Here you can see that the JasperReportsHtmlView is configured with an exporter parameter for net.sf.jasperreports.engine.export.JRHtmlExporterParameter.HTML_FOOTER which will output a footer in the resulting HTML.

17.8 Feed Views

Both AbstractAtomFeedView and AbstractRssFeedView inherit from the base class AbstractFeedView and are used to provide Atom and RSS Feed views respectfully. They are based on java.net's ROME project and are located in the package org.springframework.web.servlet.view.feed.

AbstractAtomFeedView requires you to implement the buildFeedEntries() method and optionally override the buildFeedMetadata() method (the default implementation is empty), as shown below.

public class SampleContentAtomView extends AbstractAtomFeedView {

  @Override
  protected void buildFeedMetadata(Map<String, Object> model, Feed feed,
      HttpServletRequest request) {
    // implementation omitted
  }

  @Override
  protected List<Entry> buildFeedEntries(Map<String, Object> model,
      HttpServletRequest request, HttpServletResponse response)
      throws Exception {

    // implementation omitted
  }
}

Similar requirements apply for implementing AbstractRssFeedView, as shown below.

public class SampleContentAtomView extends AbstractRssFeedView {

  @Override
  protected void buildFeedMetadata(Map<String, Object> model, Channel feed,
                                   HttpServletRequest request) {
    // implementation omitted
  }

  @Override
  protected List<Item> buildFeedItems(Map<String, Object> model,
      HttpServletRequest request, HttpServletResponse response)
      throws Exception {
    // implementation omitted
  }

}

The buildFeedItems() and buildFeedEntires() methods pass in the HTTP request in case you need to access the Locale. The HTTP response is passed in only for the setting of cookies or other HTTP headers.

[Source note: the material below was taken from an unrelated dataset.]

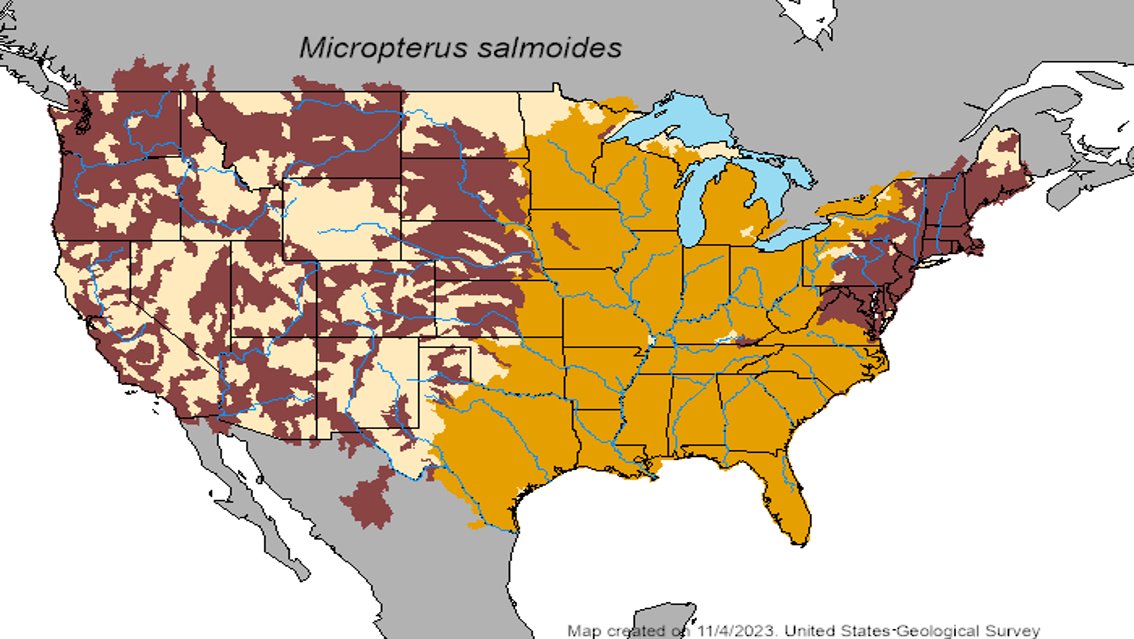 Native Range: The range of largemouth bass within North America extends from the St. Lawrence River, the Great Lakes, Hudson Bay (Red River), and into the Mississippi River basin. Largemouth bass are also found in Atlantic drainages from North Carolina to Florida and into northern Mexico.

The feed will automatically be written to the response object after the method returns.

For an example of creating an Atom view please refer to Alef Arendsen's SpringSource Team Blog entry.

17.9 XML Marshalling View

The MarhsallingView uses an XML Marshaller defined in the org.springframework.oxm package to render the response content as XML. The object to be marshalled can be set explicitly using MarhsallingView's modelKey bean property. Alternatively, the view will iterate over all model properties and marshal only those types that are supported by the Marshaller. For more information on the functionality in the org.springframework.oxm package refer to the chapter Marshalling XML using O/X Mappers.

17.10 JSON Mapping View

The MappingJacksonJsonView uses the Jackson library's ObjectMapper to render the response content as JSON. By default, the entire contents of the model map (with the exception of framework-specific classes) will be encoded as JSON. For cases where the contents of the map need to be filtered, users may specify a specific set of model attributes to encode via the RenderedAttributes property. The extractValueFromSingleKeyModel property may also be used to have the value in single-key models extracted and serialized directly rather than as a map of model attributes.

JSON mapping can be customized as needed through the use of Jackson's provided annotations. When further control is needed, a custom ObjectMapper can be injected through the ObjectMapper property for cases where custom JSON serializers/deserializers need to be provided for specific types.